R1-2410589
discussion
Discussion an AI/ML based CSI Compression
From IIT Kanpur
Summary
IIT Kanpur presents evaluation results for AI/ML-based CSI compression using temporal-spatial-frequency domain approaches, focusing on Case 2 (reconstruction with temporal correlation) and Case 3 (joint prediction). The document contains 2 key observations about the performance differences between reconstructive and predictive tasks under ideal and non-ideal UCI conditions.
Position
IIT Kanpur advocates for enhanced temporal correlation representation in AI/ML models for CSI compression, particularly emphasizing that joint prediction tasks (Case 3) require more sophisticated temporal modeling compared to reconstruction tasks (Case 2). They push for improvements in temporal diversity in datasets and better data pre-processing for training data to handle non-ideal UCI conditions effectively.
Key proposals
- Observation 1 (Sec 8): The relatively lower gain for Case 3 indicates that joint prediction may need a more effective temporal correlation representation.
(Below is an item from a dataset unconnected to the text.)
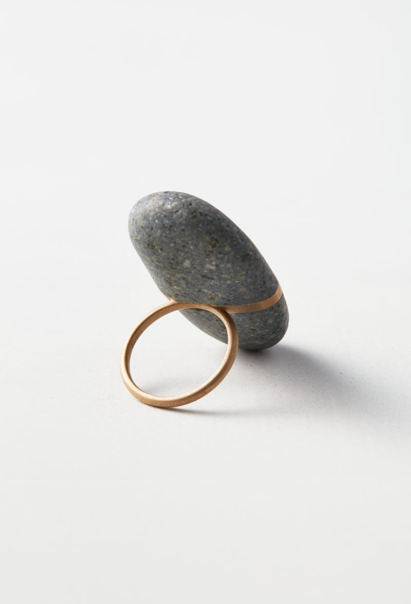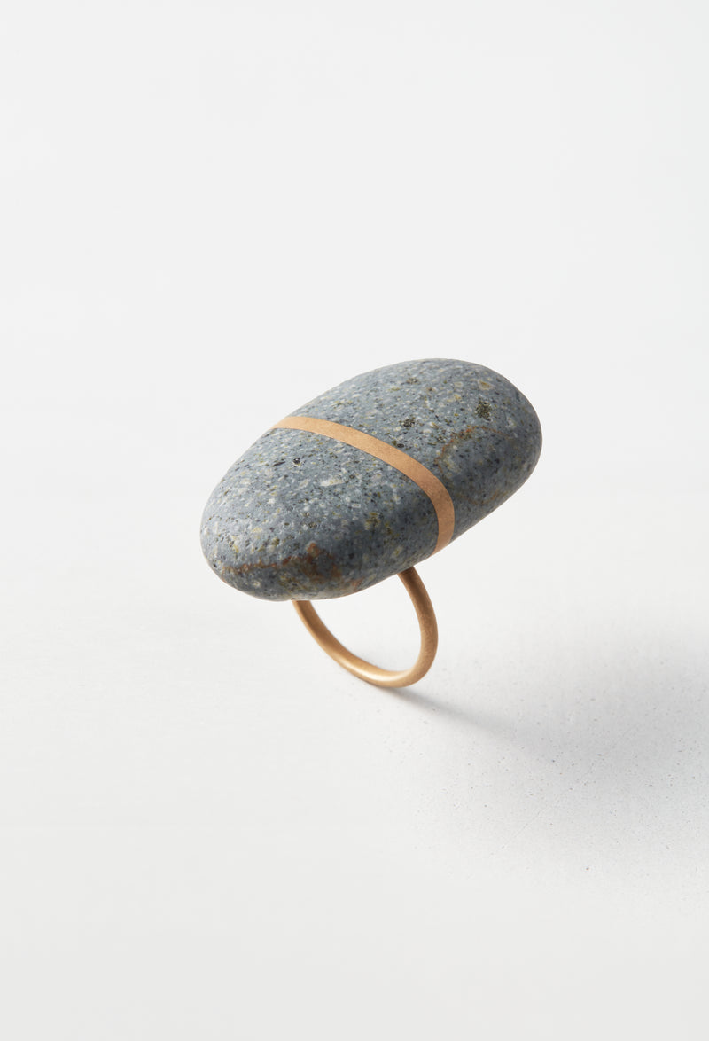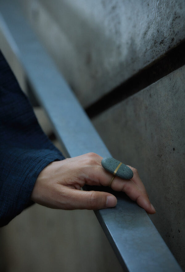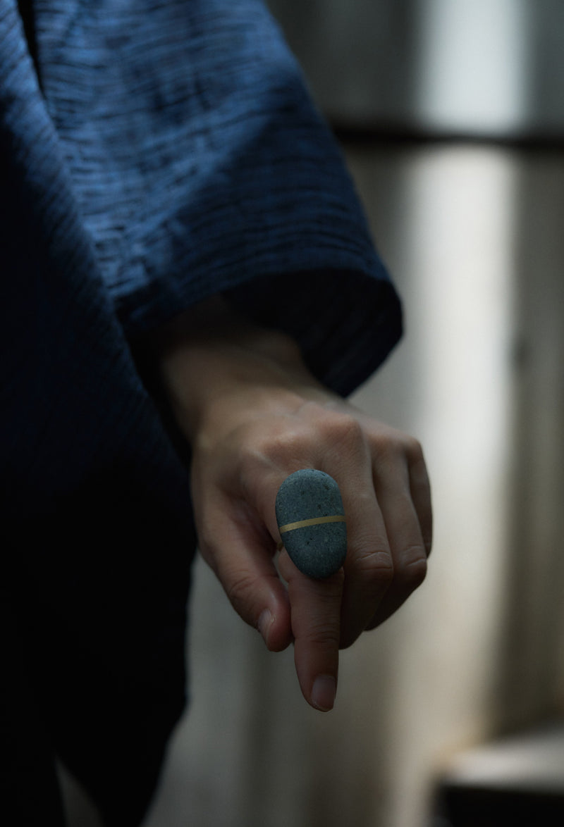 悠久の自然の営みにより作られる川石の形状を表現しました。石を切断しK18のプレートを挟むセッティングで有機的なフォルムが際立つリングです。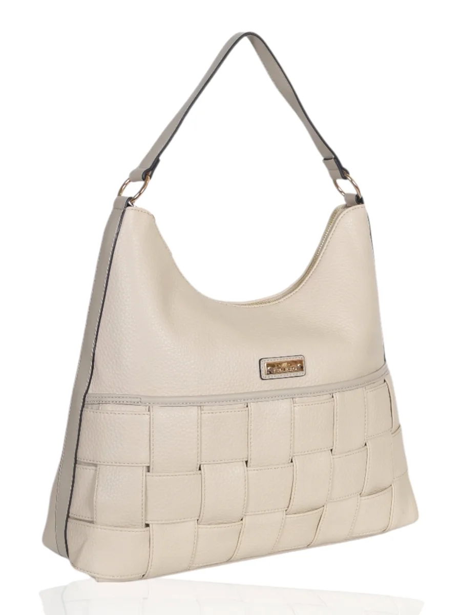 Stylowa, pakowna torebka damska na ramię wykonana z najwyższej jakości skóry ekologicznej o modnej fakturze, doskonale imitującej skórę naturalną. Świetnie wykonana ozdobna plecionka oraz delikatne logo producenta dodają torebce uroku. Praktyczne wnętrze wykończone mocną podszewką syntetyczną.

This suggests that enhancing temporal diversity in the dataset could help improve the performance of joint prediction, particularly in handling non-ideal conditions.
- Observation 2 (Sec 8): The mitigation measures at the NW side work well for reconstructive tasks, as demonstrated in Case 2, where the performance gain is notable. However, these measures may fall short for joint prediction tasks like Case 3, which are inherently more complex. Joint prediction seems to be more sensitive to inconsistencies, especially under non-ideal feedback conditions, and may benefit from improvements in temporal modelling and data pre-processing of the training data.